(The task): Whenever a line in the data holds the string "Marn", copy that line.

(Provided data):
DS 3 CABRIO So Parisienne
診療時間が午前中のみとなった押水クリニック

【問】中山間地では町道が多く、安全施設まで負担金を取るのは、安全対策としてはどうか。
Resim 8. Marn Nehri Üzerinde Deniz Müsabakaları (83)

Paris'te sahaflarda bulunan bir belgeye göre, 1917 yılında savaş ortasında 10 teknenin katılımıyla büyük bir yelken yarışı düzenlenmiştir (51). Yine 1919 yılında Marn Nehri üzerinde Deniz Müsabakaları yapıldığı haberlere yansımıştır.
...
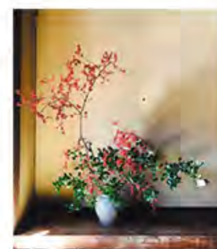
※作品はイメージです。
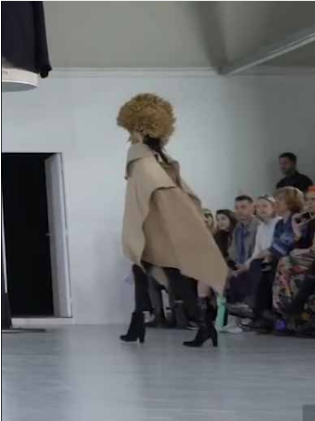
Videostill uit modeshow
...
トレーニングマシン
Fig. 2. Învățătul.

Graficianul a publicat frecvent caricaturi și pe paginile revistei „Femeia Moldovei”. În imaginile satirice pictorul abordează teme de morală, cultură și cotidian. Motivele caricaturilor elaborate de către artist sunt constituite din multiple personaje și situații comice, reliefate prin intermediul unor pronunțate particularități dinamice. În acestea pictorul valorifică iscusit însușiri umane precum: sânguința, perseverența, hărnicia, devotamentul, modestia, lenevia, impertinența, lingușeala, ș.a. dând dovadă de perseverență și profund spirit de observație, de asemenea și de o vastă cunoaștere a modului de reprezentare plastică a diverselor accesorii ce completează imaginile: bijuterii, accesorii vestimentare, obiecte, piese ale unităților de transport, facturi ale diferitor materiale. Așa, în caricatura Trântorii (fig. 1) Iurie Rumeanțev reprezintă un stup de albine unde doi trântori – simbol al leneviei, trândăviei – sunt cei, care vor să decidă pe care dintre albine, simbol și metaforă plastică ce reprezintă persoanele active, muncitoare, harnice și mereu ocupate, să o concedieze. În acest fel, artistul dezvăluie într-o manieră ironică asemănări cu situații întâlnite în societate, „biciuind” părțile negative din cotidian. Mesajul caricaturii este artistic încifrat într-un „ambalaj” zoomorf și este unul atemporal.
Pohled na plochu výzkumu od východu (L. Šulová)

(Reply):
Resim 8. Marn Nehri Üzerinde Deniz Müsabakaları (83)
Paris'te sahaflarda bulunan bir belgeye göre, 1917 yılında savaş ortasında 10 teknenin katılımıyla büyük bir yelken yarışı düzenlenmiştir (51). Yine 1919 yılında Marn Nehri üzerinde Deniz Müsabakaları yapıldığı haberlere yansımıştır.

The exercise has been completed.